EXERCISE AIM: Find the line with "The palace features" in the data below. Repeat it and every line after it up to the end, exactly, but drop the pictures.

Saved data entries
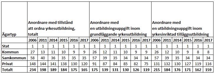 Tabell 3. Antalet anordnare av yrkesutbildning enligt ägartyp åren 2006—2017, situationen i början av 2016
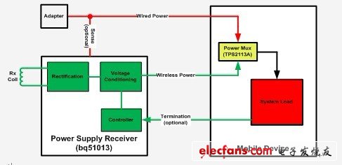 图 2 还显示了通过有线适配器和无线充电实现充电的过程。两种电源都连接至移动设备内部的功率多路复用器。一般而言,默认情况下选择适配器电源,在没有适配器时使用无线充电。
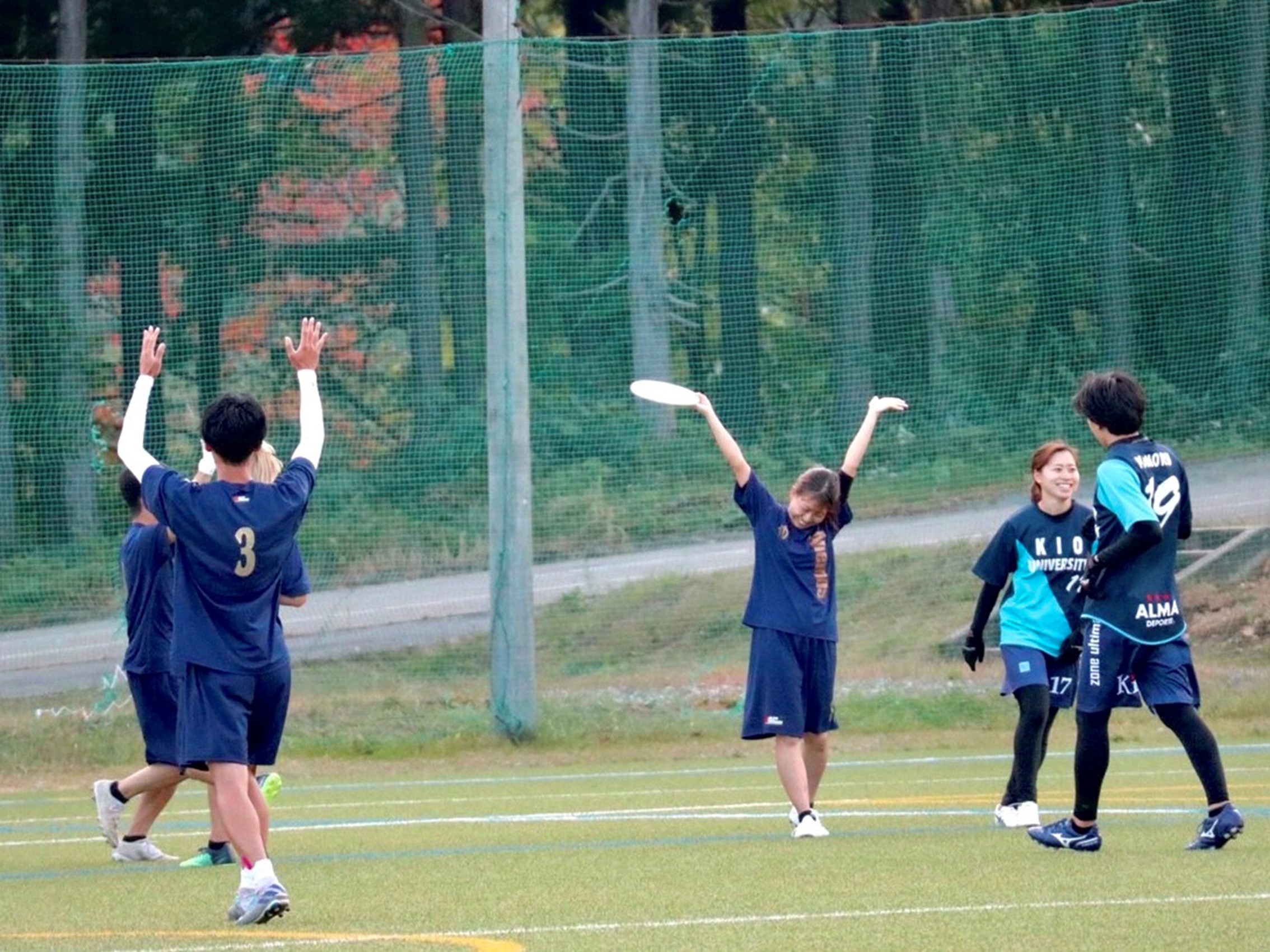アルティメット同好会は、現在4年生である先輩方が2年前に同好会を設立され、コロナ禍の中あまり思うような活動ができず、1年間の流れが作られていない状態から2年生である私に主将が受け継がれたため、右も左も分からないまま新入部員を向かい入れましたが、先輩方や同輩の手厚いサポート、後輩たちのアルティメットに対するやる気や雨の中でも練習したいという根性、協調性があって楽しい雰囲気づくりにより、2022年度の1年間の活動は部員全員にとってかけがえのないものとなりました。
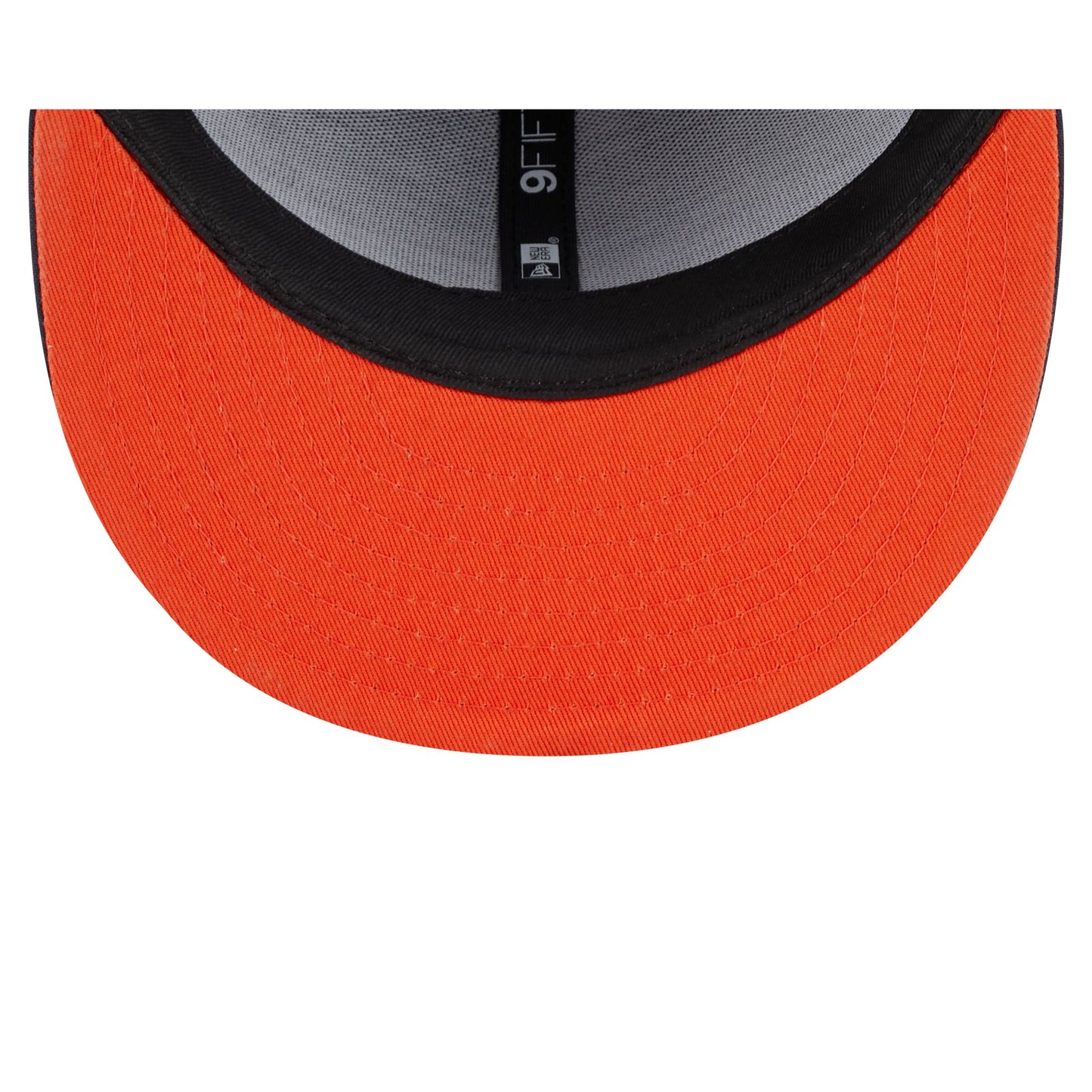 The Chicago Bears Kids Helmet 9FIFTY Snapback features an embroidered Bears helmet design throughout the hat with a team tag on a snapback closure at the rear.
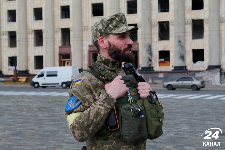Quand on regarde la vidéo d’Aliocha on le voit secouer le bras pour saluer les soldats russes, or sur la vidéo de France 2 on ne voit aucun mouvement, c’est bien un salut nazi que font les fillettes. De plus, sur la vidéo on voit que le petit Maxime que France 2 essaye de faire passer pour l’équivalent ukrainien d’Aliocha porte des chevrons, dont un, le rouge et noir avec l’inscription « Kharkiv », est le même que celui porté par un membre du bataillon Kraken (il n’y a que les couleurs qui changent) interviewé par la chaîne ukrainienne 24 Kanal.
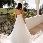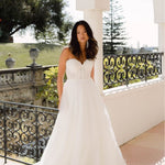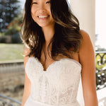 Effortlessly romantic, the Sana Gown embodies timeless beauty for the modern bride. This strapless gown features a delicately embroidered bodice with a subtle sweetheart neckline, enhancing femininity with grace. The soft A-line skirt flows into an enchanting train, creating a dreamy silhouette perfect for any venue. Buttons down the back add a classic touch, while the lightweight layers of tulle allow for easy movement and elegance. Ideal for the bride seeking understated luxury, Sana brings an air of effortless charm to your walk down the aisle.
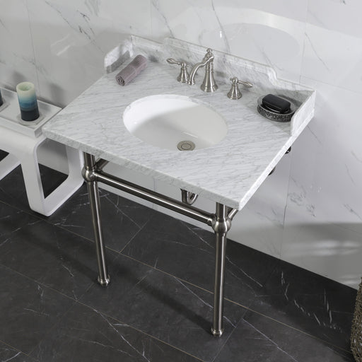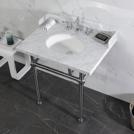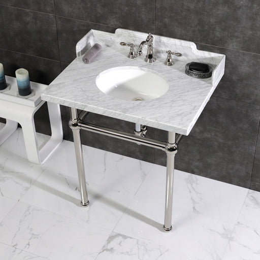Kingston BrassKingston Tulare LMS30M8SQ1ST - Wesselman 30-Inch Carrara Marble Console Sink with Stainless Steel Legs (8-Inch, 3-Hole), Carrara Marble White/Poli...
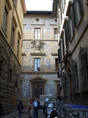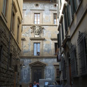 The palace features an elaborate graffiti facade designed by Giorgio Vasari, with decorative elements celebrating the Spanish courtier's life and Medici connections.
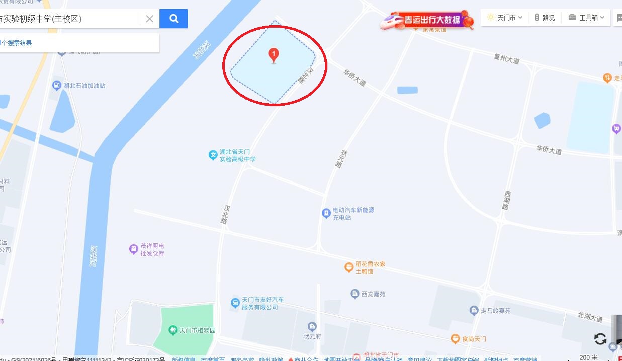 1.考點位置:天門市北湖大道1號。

ANSWER TO THE EXERCISE:
 The palace features an elaborate graffiti facade designed by Giorgio Vasari, with decorative elements celebrating the Spanish courtier's life and Medici connections.
 1.考點位置:天門市北湖大道1號。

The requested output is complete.